Regular expressions, or regex, are powerful tools for searching, matching, and manipulating text. Python’s re module lets you harness this power to validate inputs, extract data, and automate string operations efficiently.



What You’re Going to Learn

You’ll learn the basics of regular expressions using Python — including how to write patterns, use common symbols.


What Is a Regular Expression?

A regular expression (or regex) is a special pattern of characters used to search, match, or manipulate text. Instead of scanning strings manually, you can describe what you're looking for using precise patterns — whether it's digits, email addresses, dates, or specific word formats.

Python comes with a built-in module called re that makes working with regular expressions both powerful and efficient.

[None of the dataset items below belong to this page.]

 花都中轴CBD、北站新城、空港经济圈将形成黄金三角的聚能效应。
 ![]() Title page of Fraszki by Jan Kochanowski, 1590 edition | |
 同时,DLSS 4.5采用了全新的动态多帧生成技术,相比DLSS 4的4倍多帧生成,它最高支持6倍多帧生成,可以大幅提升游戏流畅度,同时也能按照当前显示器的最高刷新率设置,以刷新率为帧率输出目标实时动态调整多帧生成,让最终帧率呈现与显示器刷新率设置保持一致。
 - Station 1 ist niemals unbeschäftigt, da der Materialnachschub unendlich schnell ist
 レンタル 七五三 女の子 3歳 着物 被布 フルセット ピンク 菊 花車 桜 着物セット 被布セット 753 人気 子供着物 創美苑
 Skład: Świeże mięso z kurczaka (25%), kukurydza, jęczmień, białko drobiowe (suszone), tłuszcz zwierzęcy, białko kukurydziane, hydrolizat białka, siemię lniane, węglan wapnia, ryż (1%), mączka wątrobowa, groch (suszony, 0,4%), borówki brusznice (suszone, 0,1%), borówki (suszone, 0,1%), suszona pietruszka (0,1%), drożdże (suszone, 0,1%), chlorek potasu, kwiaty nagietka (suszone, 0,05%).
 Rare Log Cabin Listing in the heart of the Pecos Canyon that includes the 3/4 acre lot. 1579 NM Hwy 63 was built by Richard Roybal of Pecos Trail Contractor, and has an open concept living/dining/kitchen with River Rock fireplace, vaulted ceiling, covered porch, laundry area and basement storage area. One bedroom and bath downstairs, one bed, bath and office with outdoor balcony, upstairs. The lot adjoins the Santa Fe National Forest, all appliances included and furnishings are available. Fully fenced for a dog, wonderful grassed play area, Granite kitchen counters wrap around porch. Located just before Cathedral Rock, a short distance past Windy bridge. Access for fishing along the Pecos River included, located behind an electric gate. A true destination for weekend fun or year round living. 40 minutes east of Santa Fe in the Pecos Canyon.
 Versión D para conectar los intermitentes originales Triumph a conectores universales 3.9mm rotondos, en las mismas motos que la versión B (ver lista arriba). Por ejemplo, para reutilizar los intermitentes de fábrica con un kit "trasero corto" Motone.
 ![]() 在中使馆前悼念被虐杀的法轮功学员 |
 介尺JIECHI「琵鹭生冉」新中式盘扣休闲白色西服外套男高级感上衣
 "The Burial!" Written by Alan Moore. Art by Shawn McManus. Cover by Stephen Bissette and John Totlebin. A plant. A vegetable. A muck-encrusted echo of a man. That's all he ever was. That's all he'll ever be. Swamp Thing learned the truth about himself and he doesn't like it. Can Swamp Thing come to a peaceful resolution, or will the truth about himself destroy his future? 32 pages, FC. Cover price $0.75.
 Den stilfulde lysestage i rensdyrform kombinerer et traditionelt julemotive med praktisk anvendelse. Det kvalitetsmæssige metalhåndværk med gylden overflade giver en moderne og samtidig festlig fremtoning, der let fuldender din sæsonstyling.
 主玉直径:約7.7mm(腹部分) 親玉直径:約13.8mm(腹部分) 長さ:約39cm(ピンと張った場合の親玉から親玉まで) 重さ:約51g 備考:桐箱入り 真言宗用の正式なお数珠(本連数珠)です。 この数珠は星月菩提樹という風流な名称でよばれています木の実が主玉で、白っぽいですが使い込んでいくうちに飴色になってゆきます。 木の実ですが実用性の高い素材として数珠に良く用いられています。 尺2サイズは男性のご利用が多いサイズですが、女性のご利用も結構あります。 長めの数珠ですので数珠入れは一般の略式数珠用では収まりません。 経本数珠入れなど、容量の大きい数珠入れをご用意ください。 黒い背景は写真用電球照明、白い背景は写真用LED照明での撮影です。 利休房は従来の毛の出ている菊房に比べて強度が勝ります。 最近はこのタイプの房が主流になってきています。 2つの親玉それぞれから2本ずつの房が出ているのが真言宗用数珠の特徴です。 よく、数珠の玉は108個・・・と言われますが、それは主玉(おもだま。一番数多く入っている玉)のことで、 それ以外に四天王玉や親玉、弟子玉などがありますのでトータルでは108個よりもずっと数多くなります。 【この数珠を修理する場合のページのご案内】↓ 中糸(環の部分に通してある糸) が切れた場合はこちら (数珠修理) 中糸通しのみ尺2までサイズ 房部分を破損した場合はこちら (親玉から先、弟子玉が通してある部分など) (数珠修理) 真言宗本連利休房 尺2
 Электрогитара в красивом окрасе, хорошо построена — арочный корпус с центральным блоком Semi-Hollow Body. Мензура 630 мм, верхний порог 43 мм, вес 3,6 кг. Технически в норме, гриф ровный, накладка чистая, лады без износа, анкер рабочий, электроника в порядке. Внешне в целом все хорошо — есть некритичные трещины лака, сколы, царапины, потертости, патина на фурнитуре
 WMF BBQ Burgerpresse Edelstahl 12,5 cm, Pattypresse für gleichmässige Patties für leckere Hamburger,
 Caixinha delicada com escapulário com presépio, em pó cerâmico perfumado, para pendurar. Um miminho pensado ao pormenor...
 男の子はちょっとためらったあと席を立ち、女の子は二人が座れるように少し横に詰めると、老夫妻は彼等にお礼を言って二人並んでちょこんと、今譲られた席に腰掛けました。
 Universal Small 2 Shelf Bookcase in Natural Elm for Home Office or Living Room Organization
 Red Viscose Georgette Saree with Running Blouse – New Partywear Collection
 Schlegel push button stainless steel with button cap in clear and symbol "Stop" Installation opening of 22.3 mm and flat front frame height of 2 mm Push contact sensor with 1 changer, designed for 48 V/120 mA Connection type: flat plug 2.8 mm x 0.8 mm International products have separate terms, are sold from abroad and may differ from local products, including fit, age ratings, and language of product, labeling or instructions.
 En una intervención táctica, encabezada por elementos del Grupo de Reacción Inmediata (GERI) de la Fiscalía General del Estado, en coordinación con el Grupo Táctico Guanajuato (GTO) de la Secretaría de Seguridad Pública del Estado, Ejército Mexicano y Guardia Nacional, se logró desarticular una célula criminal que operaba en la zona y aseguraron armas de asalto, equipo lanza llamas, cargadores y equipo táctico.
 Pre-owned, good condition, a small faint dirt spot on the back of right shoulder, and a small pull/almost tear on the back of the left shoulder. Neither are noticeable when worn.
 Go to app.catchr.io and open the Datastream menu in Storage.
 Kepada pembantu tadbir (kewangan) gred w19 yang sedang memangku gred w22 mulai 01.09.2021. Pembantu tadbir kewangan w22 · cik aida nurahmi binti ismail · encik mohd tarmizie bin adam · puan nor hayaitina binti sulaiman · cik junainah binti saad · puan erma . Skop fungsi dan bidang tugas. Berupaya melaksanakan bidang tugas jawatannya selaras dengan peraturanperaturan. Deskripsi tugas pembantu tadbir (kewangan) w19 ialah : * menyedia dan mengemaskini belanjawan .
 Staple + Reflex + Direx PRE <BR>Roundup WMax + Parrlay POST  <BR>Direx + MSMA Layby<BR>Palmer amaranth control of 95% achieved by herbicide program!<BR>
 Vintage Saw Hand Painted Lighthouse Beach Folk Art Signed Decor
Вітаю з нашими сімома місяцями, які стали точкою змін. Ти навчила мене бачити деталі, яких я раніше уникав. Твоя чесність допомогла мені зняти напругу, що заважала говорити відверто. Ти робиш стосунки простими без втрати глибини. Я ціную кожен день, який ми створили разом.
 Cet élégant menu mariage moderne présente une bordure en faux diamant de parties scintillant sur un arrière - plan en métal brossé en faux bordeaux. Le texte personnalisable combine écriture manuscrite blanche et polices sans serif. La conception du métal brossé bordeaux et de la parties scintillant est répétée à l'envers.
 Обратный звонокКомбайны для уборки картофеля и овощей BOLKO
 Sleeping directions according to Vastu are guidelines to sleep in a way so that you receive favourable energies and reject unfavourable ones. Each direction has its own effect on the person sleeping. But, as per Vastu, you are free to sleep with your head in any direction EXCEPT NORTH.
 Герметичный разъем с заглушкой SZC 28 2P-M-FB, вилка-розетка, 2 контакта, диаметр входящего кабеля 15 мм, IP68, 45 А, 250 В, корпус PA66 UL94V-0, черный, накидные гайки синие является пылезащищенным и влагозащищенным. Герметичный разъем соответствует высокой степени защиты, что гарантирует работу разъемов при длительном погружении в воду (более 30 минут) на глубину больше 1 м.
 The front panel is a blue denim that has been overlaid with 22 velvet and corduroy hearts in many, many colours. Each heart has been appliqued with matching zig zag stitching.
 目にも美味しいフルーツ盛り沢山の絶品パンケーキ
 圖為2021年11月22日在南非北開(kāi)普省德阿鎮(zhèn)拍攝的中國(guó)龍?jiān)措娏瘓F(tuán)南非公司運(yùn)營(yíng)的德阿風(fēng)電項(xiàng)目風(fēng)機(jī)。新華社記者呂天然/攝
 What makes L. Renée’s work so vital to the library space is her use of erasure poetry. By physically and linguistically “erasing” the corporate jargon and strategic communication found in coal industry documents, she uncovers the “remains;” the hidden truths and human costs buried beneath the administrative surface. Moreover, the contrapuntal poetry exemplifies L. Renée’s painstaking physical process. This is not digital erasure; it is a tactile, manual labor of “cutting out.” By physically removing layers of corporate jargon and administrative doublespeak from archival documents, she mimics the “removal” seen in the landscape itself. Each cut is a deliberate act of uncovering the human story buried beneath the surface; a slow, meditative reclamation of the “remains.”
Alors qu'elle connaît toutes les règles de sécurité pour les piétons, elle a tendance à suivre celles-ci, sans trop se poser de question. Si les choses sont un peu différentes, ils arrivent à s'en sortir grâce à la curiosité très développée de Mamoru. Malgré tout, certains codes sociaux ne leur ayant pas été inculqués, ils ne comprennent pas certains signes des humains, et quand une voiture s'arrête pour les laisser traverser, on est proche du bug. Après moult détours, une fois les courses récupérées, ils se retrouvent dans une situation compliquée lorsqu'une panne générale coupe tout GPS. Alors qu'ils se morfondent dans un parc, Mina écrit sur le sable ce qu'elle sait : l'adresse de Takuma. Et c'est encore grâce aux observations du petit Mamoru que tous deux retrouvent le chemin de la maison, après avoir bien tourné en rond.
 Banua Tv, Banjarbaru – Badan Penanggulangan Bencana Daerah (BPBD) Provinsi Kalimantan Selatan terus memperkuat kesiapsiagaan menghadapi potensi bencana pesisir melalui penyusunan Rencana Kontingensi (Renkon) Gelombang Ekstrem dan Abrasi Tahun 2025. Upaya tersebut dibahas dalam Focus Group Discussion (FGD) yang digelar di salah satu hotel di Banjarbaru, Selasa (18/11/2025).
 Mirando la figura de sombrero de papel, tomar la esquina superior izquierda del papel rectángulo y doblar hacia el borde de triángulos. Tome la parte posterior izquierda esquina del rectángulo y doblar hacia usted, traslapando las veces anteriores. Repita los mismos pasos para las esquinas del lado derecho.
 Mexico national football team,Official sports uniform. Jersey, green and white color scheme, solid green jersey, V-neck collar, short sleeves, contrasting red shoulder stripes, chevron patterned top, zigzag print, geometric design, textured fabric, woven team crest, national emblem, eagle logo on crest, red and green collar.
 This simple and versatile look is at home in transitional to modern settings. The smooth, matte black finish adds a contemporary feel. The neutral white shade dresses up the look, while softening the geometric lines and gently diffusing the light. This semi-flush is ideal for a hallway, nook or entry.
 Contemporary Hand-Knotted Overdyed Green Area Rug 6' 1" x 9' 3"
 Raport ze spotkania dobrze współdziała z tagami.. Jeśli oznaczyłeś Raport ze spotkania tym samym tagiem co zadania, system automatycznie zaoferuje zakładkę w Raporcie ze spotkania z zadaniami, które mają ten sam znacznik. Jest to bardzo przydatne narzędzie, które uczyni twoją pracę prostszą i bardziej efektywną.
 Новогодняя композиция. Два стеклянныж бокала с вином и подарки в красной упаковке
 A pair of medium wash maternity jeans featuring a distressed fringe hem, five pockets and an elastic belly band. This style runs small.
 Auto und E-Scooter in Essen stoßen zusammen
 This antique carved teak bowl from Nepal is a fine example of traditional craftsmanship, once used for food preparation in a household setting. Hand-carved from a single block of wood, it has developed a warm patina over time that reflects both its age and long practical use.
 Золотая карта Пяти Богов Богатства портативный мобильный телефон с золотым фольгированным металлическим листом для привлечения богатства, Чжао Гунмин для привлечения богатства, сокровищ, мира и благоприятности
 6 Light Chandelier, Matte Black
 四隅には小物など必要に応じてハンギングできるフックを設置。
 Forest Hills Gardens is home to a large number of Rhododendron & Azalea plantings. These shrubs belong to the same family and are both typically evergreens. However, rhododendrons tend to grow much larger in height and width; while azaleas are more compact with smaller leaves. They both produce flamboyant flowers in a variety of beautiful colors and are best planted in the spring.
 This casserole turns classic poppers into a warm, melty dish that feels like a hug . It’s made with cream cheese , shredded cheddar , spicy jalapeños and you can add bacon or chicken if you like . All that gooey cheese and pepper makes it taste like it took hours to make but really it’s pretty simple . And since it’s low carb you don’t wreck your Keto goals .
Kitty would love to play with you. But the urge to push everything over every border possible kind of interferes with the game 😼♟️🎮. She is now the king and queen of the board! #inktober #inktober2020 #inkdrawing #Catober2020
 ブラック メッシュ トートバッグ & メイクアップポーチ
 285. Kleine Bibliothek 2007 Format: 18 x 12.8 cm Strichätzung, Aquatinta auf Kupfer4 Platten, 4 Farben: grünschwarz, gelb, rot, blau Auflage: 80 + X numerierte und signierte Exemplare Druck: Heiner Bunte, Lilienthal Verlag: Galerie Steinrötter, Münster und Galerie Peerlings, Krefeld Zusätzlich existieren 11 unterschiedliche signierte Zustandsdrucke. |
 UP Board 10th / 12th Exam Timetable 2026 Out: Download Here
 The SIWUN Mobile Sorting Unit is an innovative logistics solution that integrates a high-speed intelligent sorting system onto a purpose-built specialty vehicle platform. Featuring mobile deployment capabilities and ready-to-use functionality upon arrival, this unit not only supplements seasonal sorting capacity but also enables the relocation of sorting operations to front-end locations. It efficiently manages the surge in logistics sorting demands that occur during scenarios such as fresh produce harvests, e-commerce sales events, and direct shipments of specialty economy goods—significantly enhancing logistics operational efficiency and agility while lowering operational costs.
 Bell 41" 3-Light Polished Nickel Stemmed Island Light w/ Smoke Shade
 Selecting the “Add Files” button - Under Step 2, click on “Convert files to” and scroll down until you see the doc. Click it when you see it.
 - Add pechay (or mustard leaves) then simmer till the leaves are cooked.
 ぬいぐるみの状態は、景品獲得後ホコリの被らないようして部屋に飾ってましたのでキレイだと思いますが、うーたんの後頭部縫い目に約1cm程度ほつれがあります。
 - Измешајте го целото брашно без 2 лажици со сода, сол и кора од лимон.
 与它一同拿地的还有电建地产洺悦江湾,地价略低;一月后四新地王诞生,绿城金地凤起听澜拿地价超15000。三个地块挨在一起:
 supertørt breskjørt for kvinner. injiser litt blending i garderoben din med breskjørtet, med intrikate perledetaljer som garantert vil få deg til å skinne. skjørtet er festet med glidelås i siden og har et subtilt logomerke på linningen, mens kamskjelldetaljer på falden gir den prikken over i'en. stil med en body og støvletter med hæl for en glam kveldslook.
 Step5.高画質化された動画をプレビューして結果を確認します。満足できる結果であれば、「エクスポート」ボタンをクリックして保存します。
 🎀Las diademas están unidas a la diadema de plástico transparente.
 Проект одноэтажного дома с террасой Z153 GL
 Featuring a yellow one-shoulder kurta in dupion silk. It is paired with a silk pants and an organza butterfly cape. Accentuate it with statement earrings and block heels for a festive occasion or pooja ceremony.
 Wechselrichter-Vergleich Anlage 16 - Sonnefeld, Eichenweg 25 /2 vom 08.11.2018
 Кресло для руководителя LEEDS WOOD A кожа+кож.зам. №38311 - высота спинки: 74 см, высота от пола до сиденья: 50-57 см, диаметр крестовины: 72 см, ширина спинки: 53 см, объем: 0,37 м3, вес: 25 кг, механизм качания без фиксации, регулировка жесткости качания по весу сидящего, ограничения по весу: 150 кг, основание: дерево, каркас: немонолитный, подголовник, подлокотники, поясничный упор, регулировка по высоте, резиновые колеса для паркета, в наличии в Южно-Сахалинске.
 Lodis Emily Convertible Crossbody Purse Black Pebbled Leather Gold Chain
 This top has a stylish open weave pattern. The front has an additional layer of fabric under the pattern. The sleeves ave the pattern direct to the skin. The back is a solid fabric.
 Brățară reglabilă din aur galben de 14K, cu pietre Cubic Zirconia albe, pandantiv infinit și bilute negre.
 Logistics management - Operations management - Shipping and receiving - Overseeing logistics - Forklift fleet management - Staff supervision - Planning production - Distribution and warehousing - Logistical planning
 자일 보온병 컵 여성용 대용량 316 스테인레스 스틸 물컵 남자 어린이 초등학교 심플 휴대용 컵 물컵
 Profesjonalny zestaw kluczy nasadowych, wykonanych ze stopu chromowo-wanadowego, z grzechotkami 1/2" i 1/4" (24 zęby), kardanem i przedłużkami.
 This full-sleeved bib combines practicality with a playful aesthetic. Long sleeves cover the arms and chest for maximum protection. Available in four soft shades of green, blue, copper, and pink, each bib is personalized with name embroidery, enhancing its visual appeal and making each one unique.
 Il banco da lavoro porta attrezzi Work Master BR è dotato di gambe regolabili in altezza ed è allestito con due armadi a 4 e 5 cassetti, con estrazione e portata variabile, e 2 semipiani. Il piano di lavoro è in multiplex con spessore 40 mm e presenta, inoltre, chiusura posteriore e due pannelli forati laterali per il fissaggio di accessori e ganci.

Here's a basic example: searching for the word "hello" in a string.

python
import re

# Look for the word 'hello' in a string
match = re.search(r'hello', 'hello world')

if match:
    print("Found it!")

🔍 How It Works

  • import re: Brings in Python’s regular expression module.
  • r'hello': The pattern to search for. The r before the string means it's a raw string, so Python won’t treat \\ as escape characters.
  • re.search(): Scans the string and returns a match object if the pattern is found anywhere in the text.
  • match: If a match is found, this variable will be a match object — otherwise, it will be None.
  • print("Found it!"): This runs only if a match is detected.

Output:

Found it!

This example shows just how easy it is to start using regex in Python — and how powerful it can be for finding patterns in text.


Basic re Module Methods:

Python’s re module provides powerful functions to work with regular expressions. These methods let you search, match, find all, split, and replace strings based on patterns. They’re essential for tasks like input validation, text parsing, and string manipulation.

MethodDetails
re.search()
Searches for the first match anywhere in the string. Returns a match object or None.
Example: re.search(r'\d+', 'Item 123')match object
re.match()
Checks for a match only at the beginning of the string. Returns a match object or None.
Example: re.match(r'\d+', '123abc')match object
re.findall()
Returns a list of all non-overlapping matches as strings.
Example: re.findall(r'\d+', 'abc123xyz456')['123', '456']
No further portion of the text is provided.